Say "pause", "stop", or "stop listening" to stop. Say "resume" or use Ctrl+Shift+1 to start again. Hands-free mode also auto-stops after 5 minutes of no speech.


Agent Integration

Mantra supports multiple AI agent backends:

  • Cursor — sends prompts to the Cursor composer panel. Auto-selected when running in Cursor IDE. Only available in Cursor (grayed out in VS Code).
  • Claude Code (Terminal) — sends prompts to the Claude Code CLI running in a terminal. Requires the claude CLI in your PATH.
  • Claude Code (Extension) — sends prompts to the Claude Code VS Code extension sidebar panel. No CLI needed — just install the extension.
  • Q&A — built-in Q&A agent shown in the Output panel. No external agent needed.

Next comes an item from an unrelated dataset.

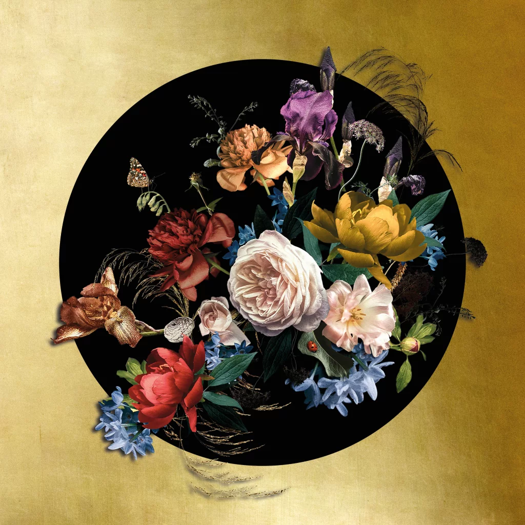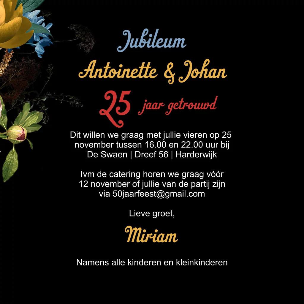 Prachtige uitnodigingskaart jubileum 25 jaar getrouwd met boeket en goudlook accenten. Binnenzijde ook versierd met uitbundige bloemenpacht. (24065)

Select your preferred mode from the Agent dropdown in the Mantra sidebar. When running in Cursor, the agent defaults to Cursor automatically.

When an agent is active, it becomes the default destination for any non-trivial request and for all code-edit requests when no text is selected. You don't need to say "ask Claude" — just speak naturally and tasks are automatically routed to the agent.

Sending prompts to the agent

Say "ask Claude to refactor this function", "ask agent how to fix that", or just "add an AI opponent", "improve the performance", "add authentication" — it routes to the agent automatically.

When "Send Context to Agent" is enabled, the current editor state (filename, cursor position, selected text), activity log, terminal history, and workspace file listing are written to a context file. The first message in each session instructs the agent to read this file before responding; follow-up messages send just the raw transcript.

Common phrases like "ask Claude ...", "ask agent ...", "ask LLM ...", "ask AI ..." are intercepted before the LLM for instant routing. These also work when the IDE is not focused.

How agent modes work

  • Terminal mode types prompts into the Claude CLI terminal without pressing Enter. You review and say "enter" to send.
  • Extension mode pastes prompts into the Claude Code extension sidebar without submitting. You review and say "enter" to send.
  • Cursor mode pastes prompts into the Cursor composer panel without submitting. You review and say "enter" to send.

All modes prepend context on the first message and support follow-up messages in the same conversation (no new tabs or panels created on follow-ups).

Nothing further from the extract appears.